08:32 Well, that's a tough question, and I guess there is no simple answer. I mean, you have this, that you can see under cheat sheet of Scikit- learn that says if it is less than 50 observations then go get more data. But I guess there's also a simplified answer, it depends on the difficulty of the test, so at the end of the day often for these types of problem you want to know something and this can be easy or hard, you cannot really know before trying, and typically regression it would say ok, if I predict the 10% plus or minus that's maybe good enough for my application and maybe you need less data. If you want to be super accurate you need more data, but the question of how much is it's really hard to answer without really trying and using actual data.

09:17 Yeah. I can imagine. And it probably also depends on the variability of the data, the accuracy of the data, how many variables you are trying to give it, so if you just try to base it on square footage or square meters of your house, that one variable maybe it's easier to predict than, you know, 20 components that describe your house, right?

09:41 So the thing is, the more variables you have, the more you can hope to get. Now it's not a simple as this, because if variables are not informative, than they are basically not adding knowledge to your problem. So want as many variables to describe your data, in order to like capture the weak signals, but sometimes just the variables are not relevant or predictive. And so you want to remove them from the prediction problem.
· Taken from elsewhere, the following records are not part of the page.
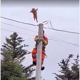 助けを求めて鳴いていたのに…カナダで猫が電柱の上から予測不能の大ジャンプ!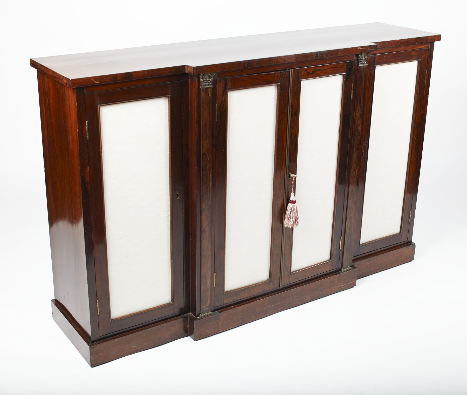 the inverted breakfront top above open adjustable shelves and two grille panel doors, enclosing further adjustable shelves, raised on later bun feet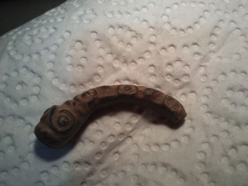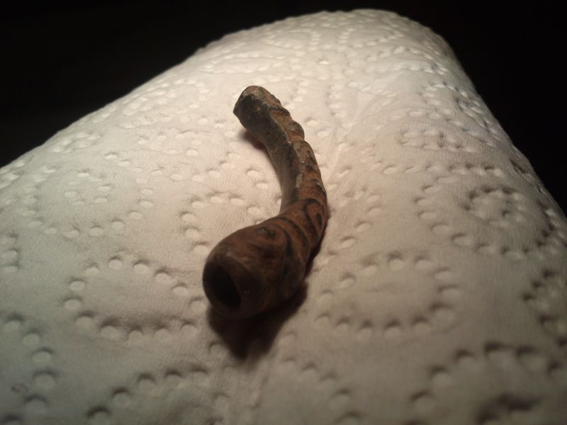 Von der Größe ein viertel Armreif. am einen Ende eine Bruchkannte, am unzerstörten Ende ca 5mm tief hohl gearbeitet.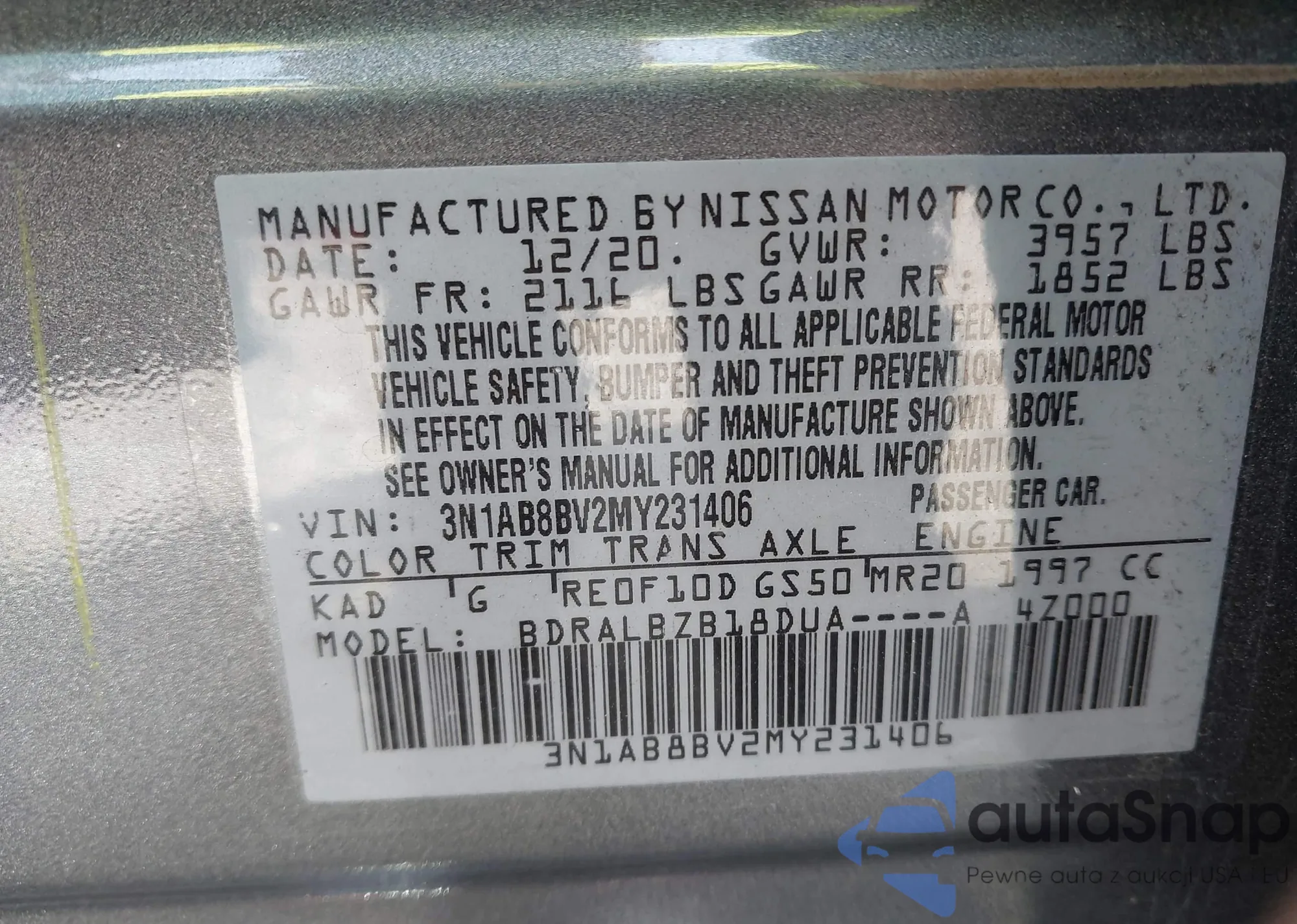 VIN: 3N1AB8BV2MY231406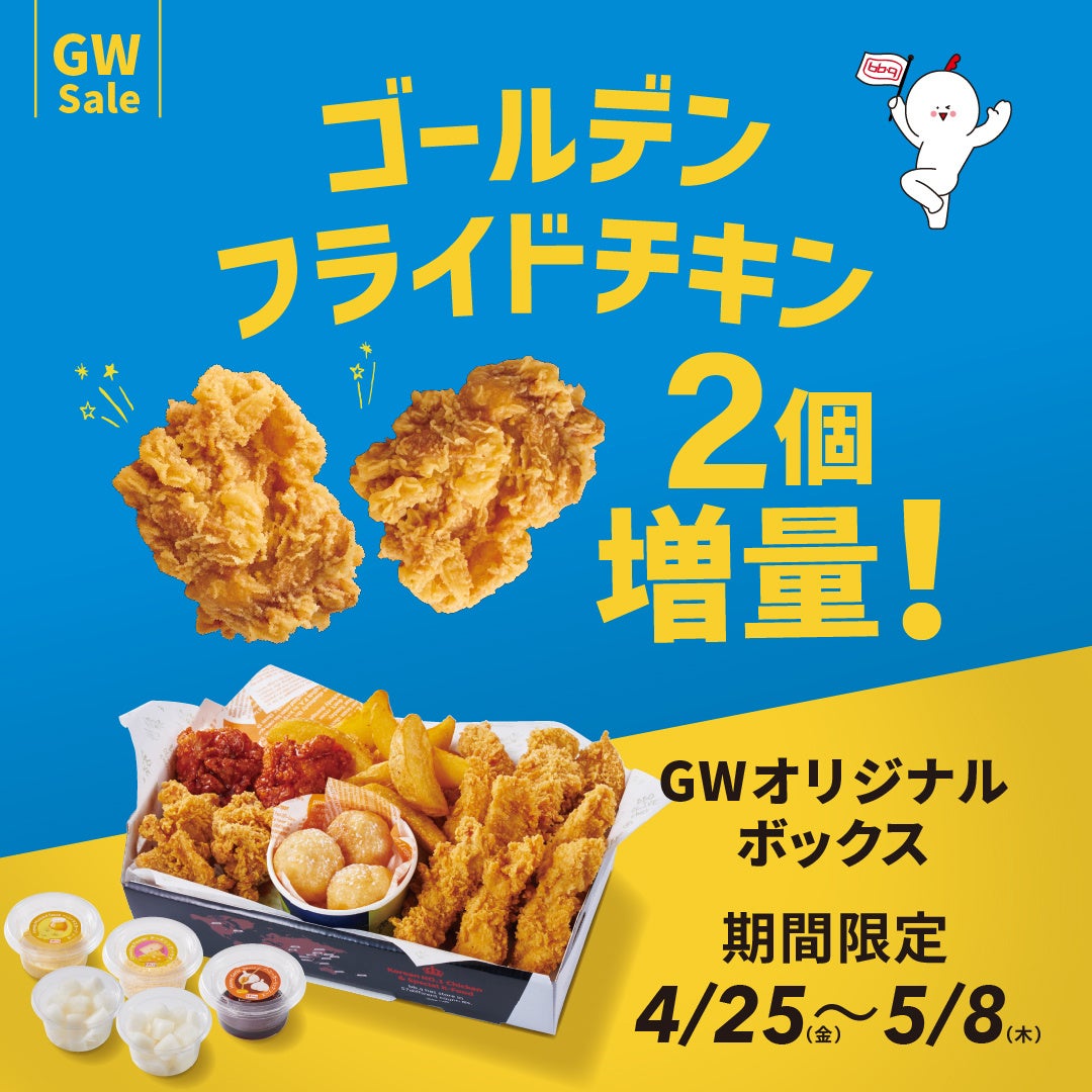 ゴールデンウィークは、大切な人たちと一緒に本物の韓国フライドチキンを楽しむ絶好のチャンス!「GWオリジナルボックス」は、韓国№1チキンブランド「bb.q」のオリジナルレシピで作った骨なし黄金フライドチキンやヤンニョムチキン、チーズボール、フライドポテトなど、みんなが喜ぶメニューが一度に楽しめる豪華なセット。4月25日~5月8日までの期間限定で、積み上げ価格よりも720円もお得に。この機会に、友達や家族、大切な人と一緒にワイワイ楽しんでください!

10:11 Ok. That makes sense. So, I was looking into what are some of the novel uses of machine learning. I sort of have some things to ask you about, and just see what is out there. What are ones that come to mind for you and then I'll give you some that I found on my list.
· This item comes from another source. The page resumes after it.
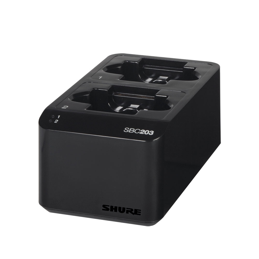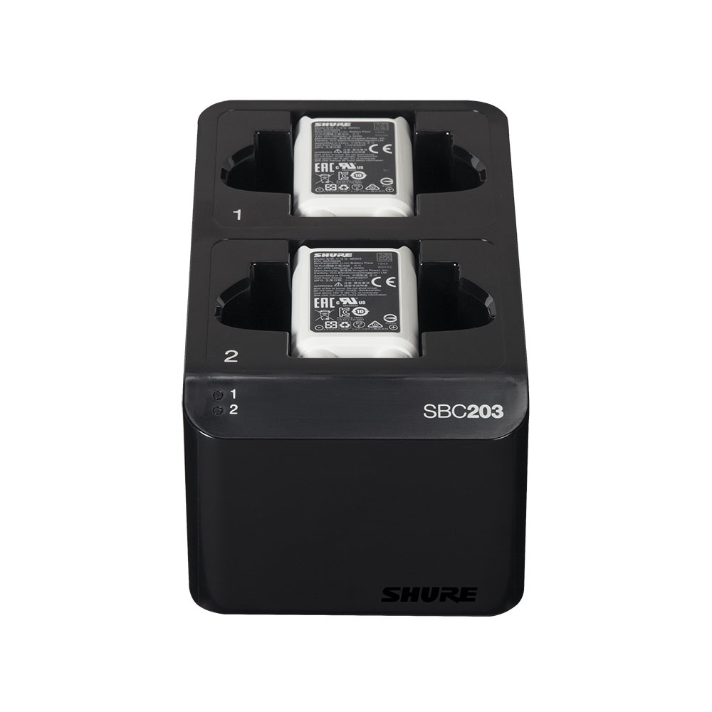 Met de Shure SBC203 kun je twee SB903 accu's tegelijkertijd opladen. Een uiterst handig aspect van de dubbele SLX-D acculader is dat je er ook gewoon handheld- en bodypackzenders in kunt steken, evenals losse accu's.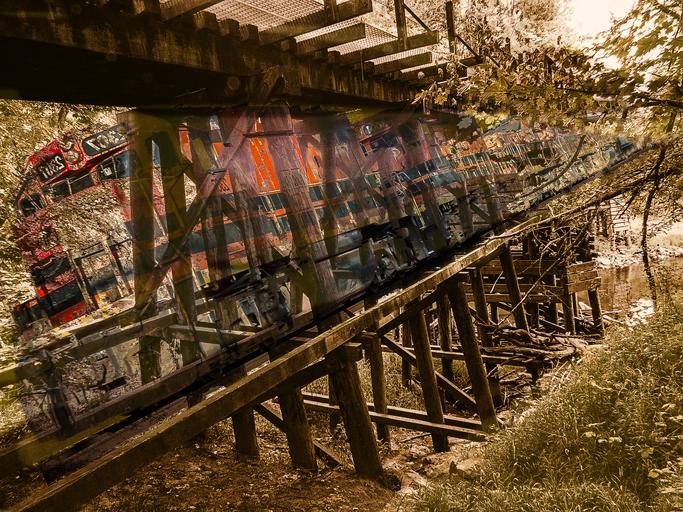 Keywords: train trestle double exposure

10:28 Maybe I biased because I'm really into using machine learning for scientific data and academic problems, I guess for the things that are really academic breakthrough that are reaching everybody is really, really computer vision and NLP these days, and probably also speech. So these types of system that try to predict something from speech signals of from images like describing you what's the contents, what types of objects you can find and for NLP you have like machine translation-

11:02 We did a show on open CV and the whole Python angle there, there is a lot of really cool stuff on medical imaging going on there, does that have to do with Scikit- learn as well?

11:14 Well, you have people doing medical imaging in Scikit-learn, basically extracting features from MR images- magnetic resonance images, or CT scanners, also like EEG brain signals, and they are using Scikit- learn as the prediction to all. Deriving features from the raw data, and that reaches of course clinical application to some context.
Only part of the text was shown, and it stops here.